[Start of Attachment]
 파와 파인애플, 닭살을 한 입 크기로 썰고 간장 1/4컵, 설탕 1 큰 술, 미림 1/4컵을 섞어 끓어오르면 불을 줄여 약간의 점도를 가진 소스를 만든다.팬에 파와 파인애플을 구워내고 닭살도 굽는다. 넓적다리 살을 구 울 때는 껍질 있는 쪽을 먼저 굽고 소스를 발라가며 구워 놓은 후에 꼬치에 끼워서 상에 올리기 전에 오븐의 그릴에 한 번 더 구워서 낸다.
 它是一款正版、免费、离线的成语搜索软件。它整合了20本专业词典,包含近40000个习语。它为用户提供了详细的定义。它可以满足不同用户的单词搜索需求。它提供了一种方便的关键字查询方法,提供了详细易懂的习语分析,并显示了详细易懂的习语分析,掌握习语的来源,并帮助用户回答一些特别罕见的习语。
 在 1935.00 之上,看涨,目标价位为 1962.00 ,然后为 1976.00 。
[End of Attachment]
[Start of Attachment]
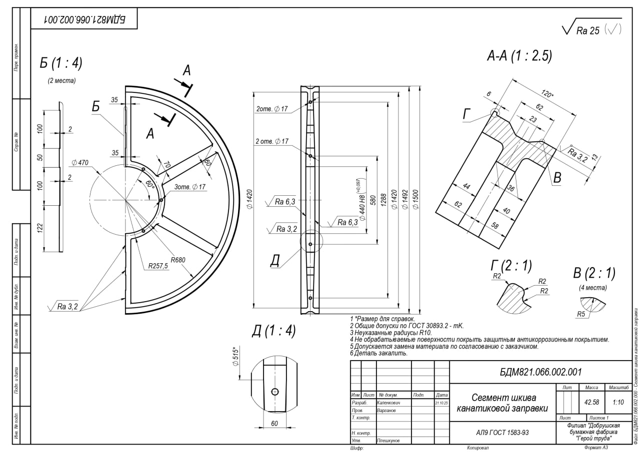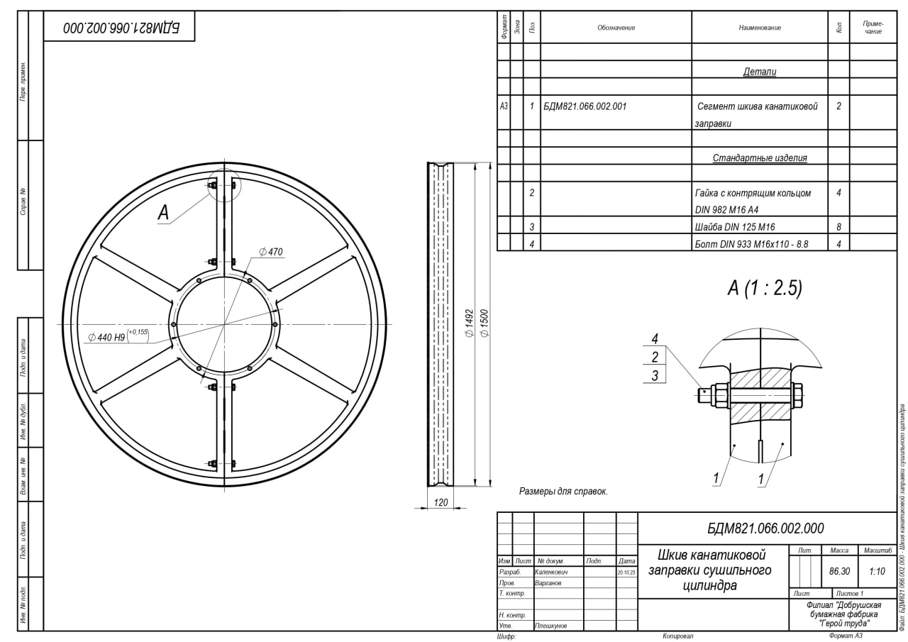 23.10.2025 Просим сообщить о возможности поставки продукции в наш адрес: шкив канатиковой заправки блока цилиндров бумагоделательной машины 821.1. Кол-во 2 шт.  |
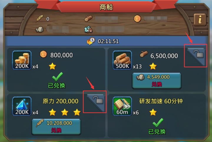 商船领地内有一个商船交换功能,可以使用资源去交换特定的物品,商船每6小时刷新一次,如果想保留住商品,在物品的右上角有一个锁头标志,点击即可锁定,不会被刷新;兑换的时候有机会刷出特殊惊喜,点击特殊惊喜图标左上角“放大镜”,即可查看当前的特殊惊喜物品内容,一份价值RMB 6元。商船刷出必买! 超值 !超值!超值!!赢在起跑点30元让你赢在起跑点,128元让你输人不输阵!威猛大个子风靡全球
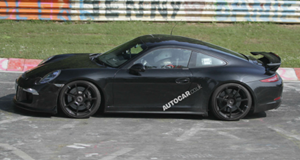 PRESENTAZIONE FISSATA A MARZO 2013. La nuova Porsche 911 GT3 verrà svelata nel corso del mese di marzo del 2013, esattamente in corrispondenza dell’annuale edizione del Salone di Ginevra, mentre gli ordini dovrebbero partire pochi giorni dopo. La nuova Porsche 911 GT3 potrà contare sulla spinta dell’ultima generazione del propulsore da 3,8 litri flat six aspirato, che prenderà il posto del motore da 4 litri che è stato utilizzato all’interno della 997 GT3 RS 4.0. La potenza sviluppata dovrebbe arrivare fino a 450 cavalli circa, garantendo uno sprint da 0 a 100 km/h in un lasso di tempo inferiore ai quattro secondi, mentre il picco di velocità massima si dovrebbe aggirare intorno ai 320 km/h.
[End of Attachment]
[Start of Attachment]
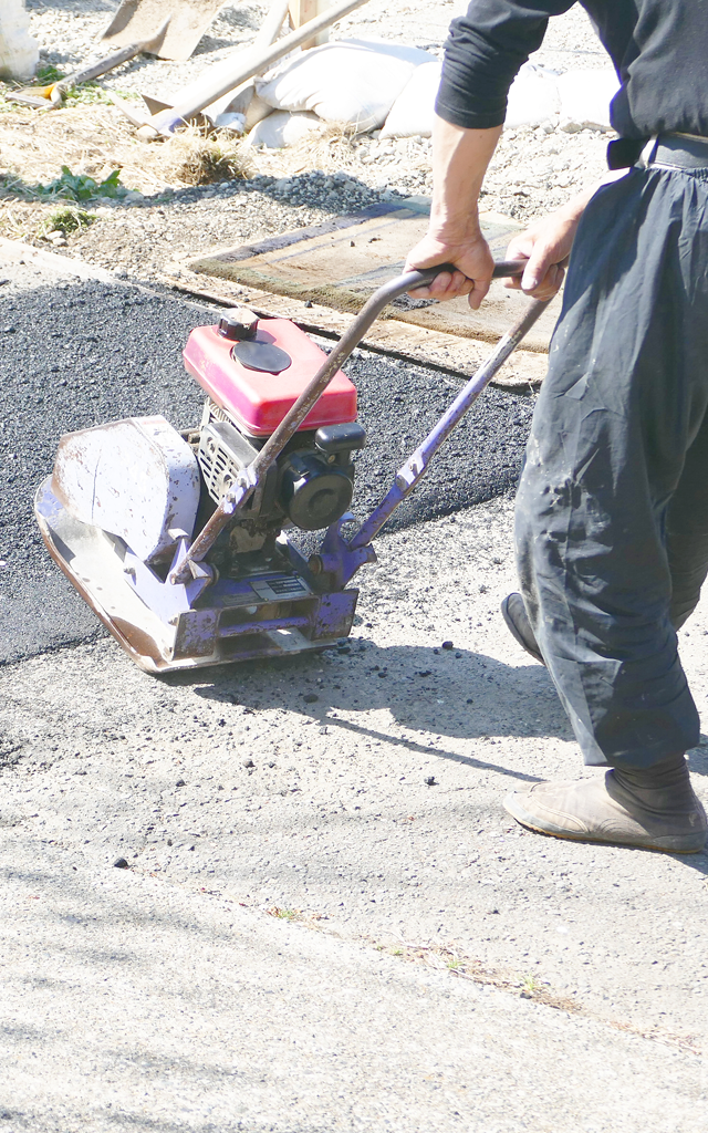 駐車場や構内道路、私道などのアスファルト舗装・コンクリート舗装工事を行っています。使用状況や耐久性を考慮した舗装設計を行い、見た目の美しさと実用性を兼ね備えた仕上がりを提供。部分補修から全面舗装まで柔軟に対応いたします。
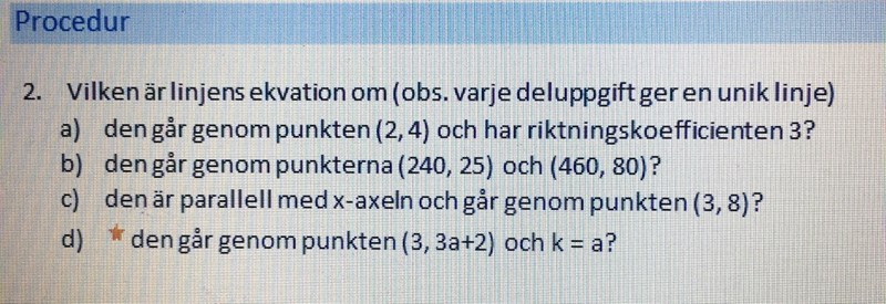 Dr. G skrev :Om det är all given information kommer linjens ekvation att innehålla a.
[End of Attachment]
**TASK TO COMPLETE:** In the records above, everything from the line with "駐車場や構内道路、私道などの" down to the line with "Dr. G skrev" is to be set down exactly, both ends included, with no pictures and no other lines.

**SOLUTION:**
 駐車場や構内道路、私道などのアスファルト舗装・コンクリート舗装工事を行っています。使用状況や耐久性を考慮した舗装設計を行い、見た目の美しさと実用性を兼ね備えた仕上がりを提供。部分補修から全面舗装まで柔軟に対応いたします。
 Dr. G skrev :Om det är all given information kommer linjens ekvation att innehålla a.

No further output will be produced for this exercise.